::: INFORMATION SUPPLIED :::
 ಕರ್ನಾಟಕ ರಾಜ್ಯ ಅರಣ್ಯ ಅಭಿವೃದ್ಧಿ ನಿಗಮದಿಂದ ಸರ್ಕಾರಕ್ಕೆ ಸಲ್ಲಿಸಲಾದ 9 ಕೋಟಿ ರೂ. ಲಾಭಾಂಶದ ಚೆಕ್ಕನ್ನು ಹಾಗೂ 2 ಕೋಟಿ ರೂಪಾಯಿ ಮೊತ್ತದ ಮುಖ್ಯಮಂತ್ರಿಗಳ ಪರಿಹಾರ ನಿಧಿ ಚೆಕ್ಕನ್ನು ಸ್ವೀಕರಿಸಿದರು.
:::
::: INFORMATION SUPPLIED :::
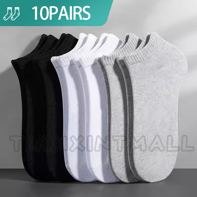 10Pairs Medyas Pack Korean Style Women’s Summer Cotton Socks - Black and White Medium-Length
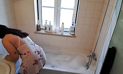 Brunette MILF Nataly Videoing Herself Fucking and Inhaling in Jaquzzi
:::
▸ **WORK ITEM**
In the listing above, find the line containing "10Pairs Medyas Pack" and the line containing "Brunette MILF Nataly". Reproduce those lines and all between them exactly, with no pictures and nothing more.

▸ **WRITTEN RESPONSE**
 10Pairs Medyas Pack Korean Style Women’s Summer Cotton Socks - Black and White Medium-Length
 Brunette MILF Nataly Videoing Herself Fucking and Inhaling in Jaquzzi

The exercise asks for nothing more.